GenPhi : 3D Generative AI conditioned by geometry, structure and physics

The aim of this thesis is to design new 3D model generators based on Generative Artificial Intelligence (GenAI), capable of producing faithful, coherent and physically viable shapes. While 3D generation has become essential in many fields, current automatic generation approaches suffer from limitations in terms of respecting geometric, structural and physical constraints. The goal is to develop methods for integrating constraints related to geometry, topology, internal structure and physical laws, both stationary (equilibrium, statics) and dynamic (kinematics, deformation), right from the generation stage. The study will combine geometric perception, semantic enrichment and physical simulation approaches to produce robust, realistic 3D models that can be directly exploited without human intervention.

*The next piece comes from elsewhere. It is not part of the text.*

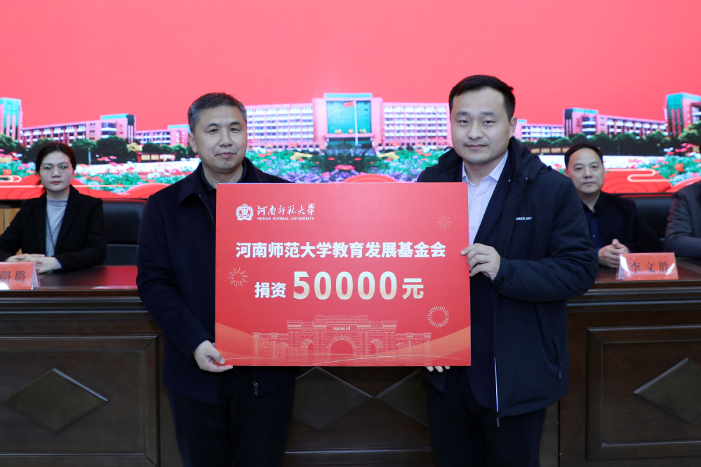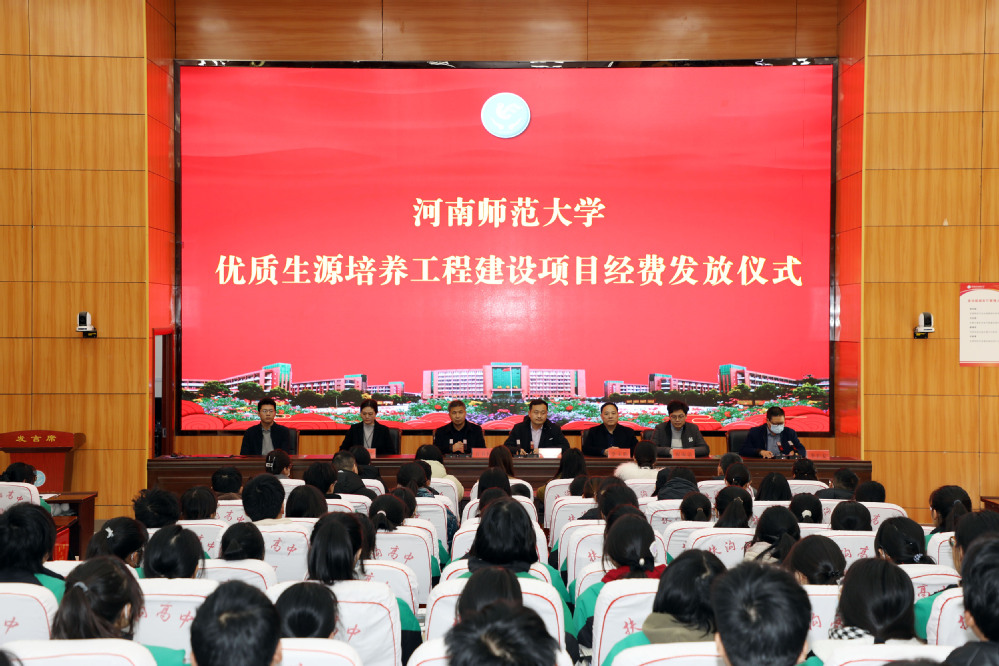 在“优质生源培养工程建设项目经费”发放仪式上,扶沟县高级中学党总支书记、校长万书桓致欢迎词,感谢师大为基层学校,特别是扶沟县高级中学输送优秀的师资力量,未来希望培养更多有着教育梦想、矢志教育事业的优秀学生进入师大学习。之后董长雨向扶沟县高级中学发放“优质生源培养工程建设项目经费”并讲话,他指出,优质生源培养工程的实施,既是两校多年来互联互通互信互利的“好结果”,也是未来共建共享共赢共荣的“新机遇”;师大作为百年名校,在办学历史、办学实力、办学特色、办学理念等方面有着自己的探索和发展,并取得了瞩目的成绩;希望扶沟县高级中学继续向师大推荐和输送优秀学子,为建立更加紧密、稳固、持久的合作育人联盟共同努力。
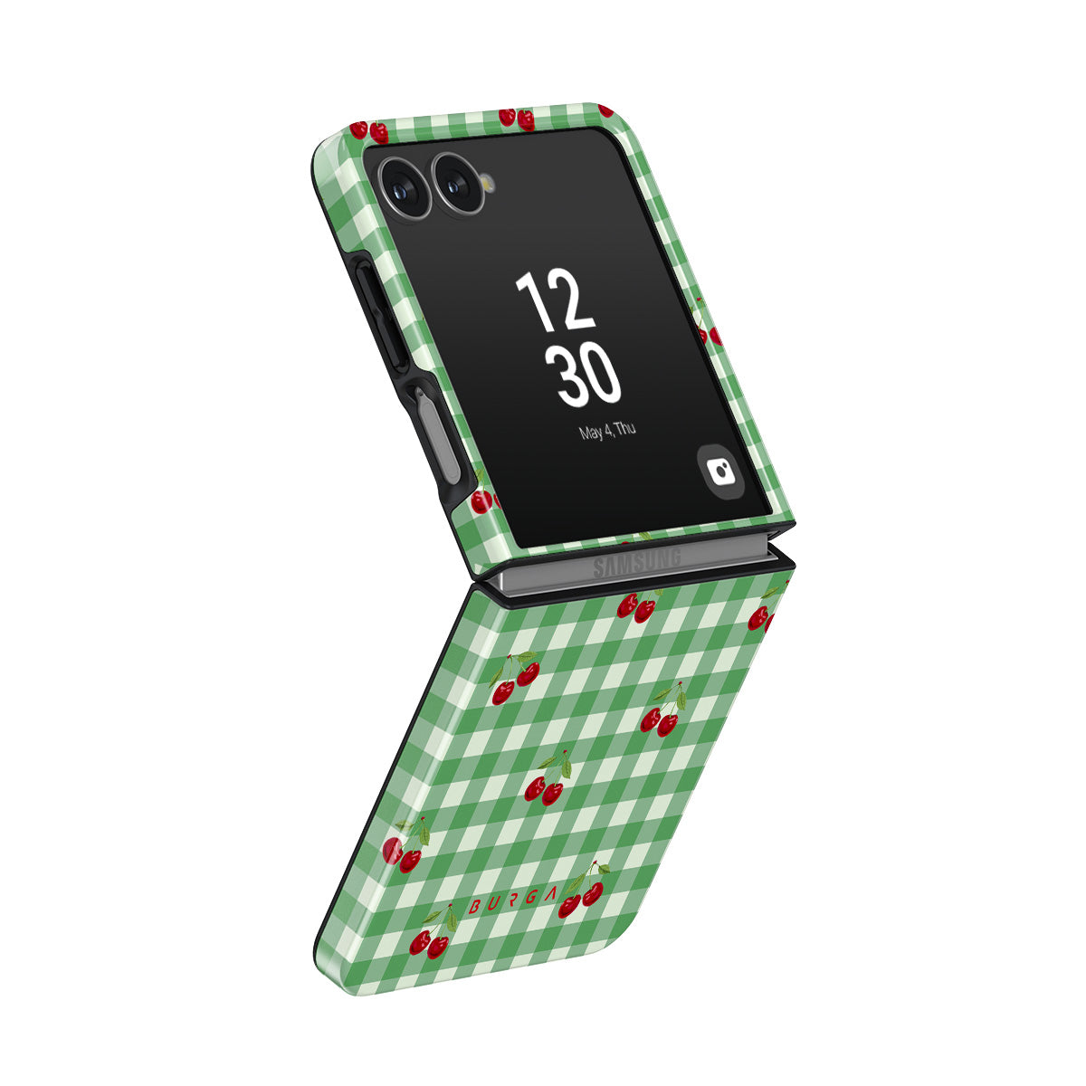 The Little Life Samsung Galaxy Z Flip 7 phone case design: green checks, simple and true, like a patch of grass under a tree, where you can sit and watch the small world go by, every leaf a chapter in nature’s story.

Towards Reliable and Autonomous Workflow Coordination in Agentic AI-Based Systems

The rise of Large Language Models (LLMs) and agentic AI systems is transforming how complex workflows are designed and managed. Unlike traditional centralized orchestration, modern workflows must support distributed, autonomous agents operating across cloud, edge, and on-premise environments. These agents collaborate with humans and other systems, adapt to evolving goals, and cross organizational and trust boundaries. This paradigm shift is especially relevant in domains like cybersecurity and healthcare emergency response, where workflows must be dynamically constructed and executed under uncertainty. In such settings, rigid automation falls short—agentic workflows require decentralized, secure, and auditable orchestration.
This thesis explores how to enable such systems, asking: How can we achieve secure, distributed orchestration in environments where agentic AI operates autonomously? It will propose a formal modeling framework for distributed agentic workflows, protocols for auditable, privacy-preserving coordination, and a reference architecture with real-world proofs of concept in cybersecurity and healthcare.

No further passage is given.